### Dataset content
=== Section Start ===

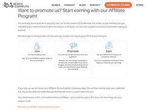 Welcome to the Beach Commute affiliate program. Your commission is 30% of every sale, the cookie window is 90 days, plus your audience gets a 10% discount when they use your coupon code. About BeachCommute.com: We're Beach Commute. We created the GoRemote Employment course, an online course to help people become a digital nomad so that they can travel the world. Inside of the course, you'll learn: - Which remote job is right for you (even if you have no idea where to begin) - Where to find the best remote jobs (80% of remote jobs never get posted publicly - we'll show you how to find these) - How to get an interview with your dream companies (no more applying without hearing back) How to ace your remote interviews and get the job offer - How to negotiate your remote-work permission to work from foreign countries (and not just remotely from your home city). If you have an audience that is interested in traveling, working remotely etc. then sign up for our Affiliate Program!
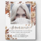 Una hermosa placa conmemorativa de fotografía botánica otoñal para que la exhibas con amor y orgullo en tu hogar. El elegante diseño presenta una foto personalizada de tu ser querido (Consejo de foto: Recorta y cambia el tamaño de la imagen asegurándote de que el sujeto esté en el centro antes de subirla), flores acuarelas otoñales y follaje botánico rústico. El texto es una combinación de letra de caligrafía y fuentes cursivas, todas las cuales se pueden personalizar fácilmente. La cita de condolencias dice - "La muerte deja un dolor que nadie puede curar, el amor deja un recuerdo que nadie puede robar".
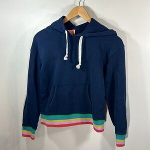 J. Crew Weekend Rainbow Terry Striped Hem Cuff Navy Hoodie Woman's XS Nautical
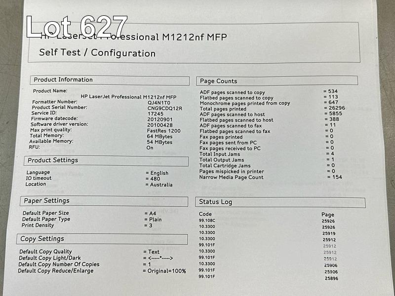 PRINTER, HP LASERJET M1212nf MFP, USB, NETWORK, 26,296 PAGES (TEST PAGE ATTACHED) S/N:CNG9CDQ12R
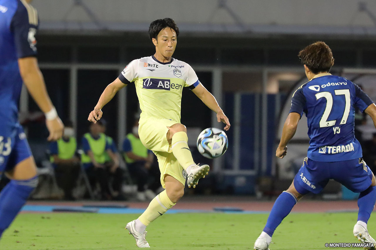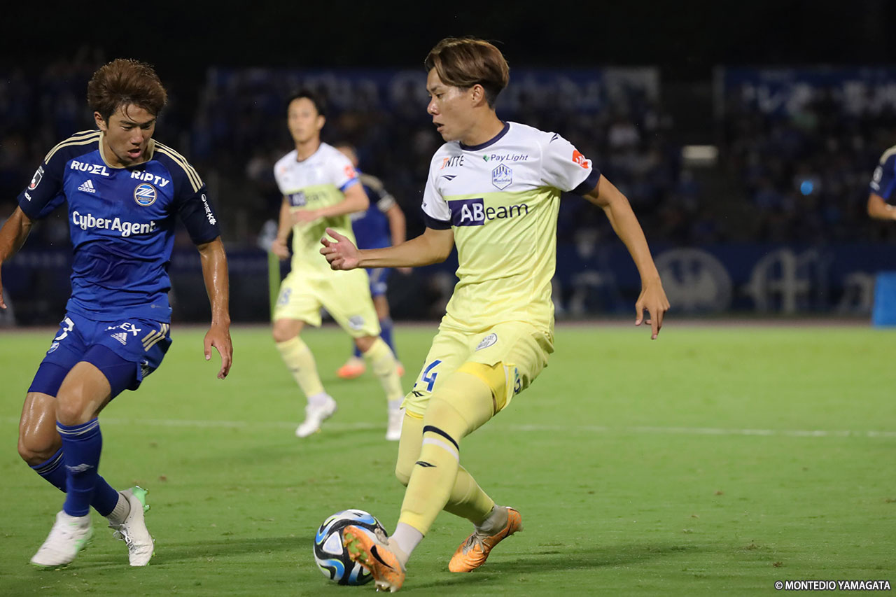 モンテディオは58分、山田、國分を下げて横山塁と田中渉を投入。3バックに変更し、横山を左のウイングバック、後藤優は田中とともにシャドーを担った。その効果もあり、70分手前には藤本や後藤優のシュートチャンスを作ったもののゴールネットを揺らすことはできなかった。

=== Section End ===

### What you need to do
Of the entries above, print exactly those lines that run from the one containing "PRINTER, HP LASERJET" through the last line, excluding any pictures.

### Exercise response
 PRINTER, HP LASERJET M1212nf MFP, USB, NETWORK, 26,296 PAGES (TEST PAGE ATTACHED) S/N:CNG9CDQ12R
 モンテディオは58分、山田、國分を下げて横山塁と田中渉を投入。3バックに変更し、横山を左のウイングバック、後藤優は田中とともにシャドーを担った。その効果もあり、70分手前には藤本や後藤優のシュートチャンスを作ったもののゴールネットを揺らすことはできなかった。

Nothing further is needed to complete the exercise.